A while ago I posted some material on alumina and how it behaves in the tradeable market. This is important to understand as it will affect the BFS and IPO (timing). The last piece in the puzzle is what needs to get done before the IPO, which I will post up soon. From this information it should be clear as to why I believe the IPO will not occur in 2012 - but, as always, I could be wrong. I learned some important lessons from Oxiana/Oz Minerals which operates in LAOS (by all accounts, a pioneering venture into that country). This is also true of PanAust (PNA), which struck their MEPA and licinsing arrangement by allowing LAOS govt a 10% interest in locally registered company which operates the mine. ORD/SARCO will have to follow the same path, and its only a matter of time before this happens.
Yes, the most important developments will be 2+ years out, but what I am trying to highlight is that there are some early signs of improving market conditions. What we are seeing now, in terms of company activities and alumina fundamentals will be history. In fact its almost irrelevant, which is something I expect the BFS to show. It should show long-term Alu price assumptions, not current prices as SARCO will be selling into a market 2+ years down the track. Additionally, I would not want ORD to push for offtakes right now. While positive for the company and market they risk signing up to less than ideal contracts. It would be better to let the MOU expire or extend the MOU and await further project progress.
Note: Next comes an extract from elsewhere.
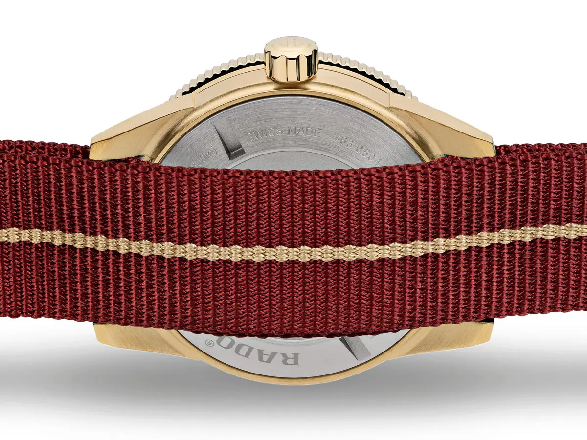 配备 棕色皮革表带,采用 EasyClip 快拆系统,更换轻松便捷。Rado Captain Cook Automatic Bronze R32504407 结合了 瑞士工艺、创新材料与冒险设计,是追求风格与性能完美平衡的男士理想之选。

On Caledon and GRAM; for those who talk to management you will be familiar with the lengths they go to demonstrate the "no risk" strategy to their projects and corporate activities. The farm-outs/JVs and Caledon option is evidence of this. The problem with this thinking is that it actually introduces risk, and that is the 'opportunity risk'. The CF JV (GRAM) is a classic example. They waited for approval to fund SJ, with the added benefit of farm-out to GRAM for CF. However, the JV did not materialise and they were forced into the alternative which was to raise funds. They wouldnt have raised funds earlier because there was no reason to - they were expecting approval from GRAM. You can see the difficult position faced by ORD if they were to raise funds earlier; the inevitable question arises, why raise funds given drilling not scheduled until 2013 (better to wait outcome of GRAM before drilling commencement).
The same considerations are floating around the Caledon option. For such a basic concept its surprisingly difficult to extrapolate a value in the short to medium term. Thankfully, its related to a commodity that is in favour. China needs cheap energy and securing coal resources is the way to do it. It is preferable that the option is exercised now as the exercise will be cheaper due to the fact that the AUD/GBP is strong. There is a risk that longer-term, the AUD will weaken and hence make the purchase more expensive in AUD terms as the T/O consideration was based in sterling. This may be offset by the upside risk that caledon is worth more in the future.
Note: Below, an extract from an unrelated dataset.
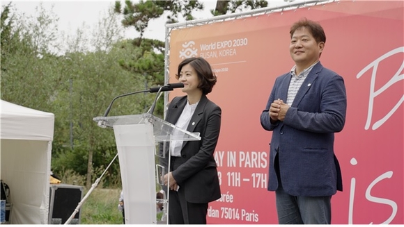 부산데이 인 파리 행사에서 개막선언.(사진=부산시의회 제공)

GRAM being bidder/owner wants roughly $50Mill from the exercise to pay down debt. This is a lot of money and will assist the business.
FX rate, and GRAM preference are two considerations or pressures on ORD. GRAM is our partner so their requirements need to be assessed as well.
Then, there are ORD's requirements; how to raise the money to exercise. ORD have been engaging parties for exercise, which range from wealthy chinese individuals, SOEs and local investment banks and brokers. There is interest there but it has to be done right as it affects GRAM. Eg: if we partner exercise the partners will become direct owners of Caledon. GRAM has to be comfortable with this as they are the owners. GRAM know ORD, they do not know the partners that may exericse the option. Additionally the bidders statement specifically outlines the right to ORD to exercise the 5-10% option - not anyone else - so the structure has to be right by both parties as the outcome may deviate from these terms. In addition to third parties stumping up money for the exercise, selling the option outright, is another alternative. I see it as one of the same thing as it all involves zero risk. i.e the option could be sold to the right partner for, say $1Mill, and exercise occurs. The premium (sale price) would represent the increase in value from T/O price to current valuation of Caledon. The exercise price obviously remains the same as per terms "any time in future at the T/O price".
The difficulty in doing this is commissioning a valuation on Caledon, paying for it, and then marketing the option for sale. i.e you must have some sort of proposition to entice exercise and hence sale. The good news is that ORD are thinking and working on such activities, but as with anything, it involves negotiations. These activities take time - too much time in some shareholders opinion. In summary the exercise can be done, and it can be done short-term. As I have posted earlier I am expecting conclusion or at least an update by FY-end. ORD recognise the need to clarify the status.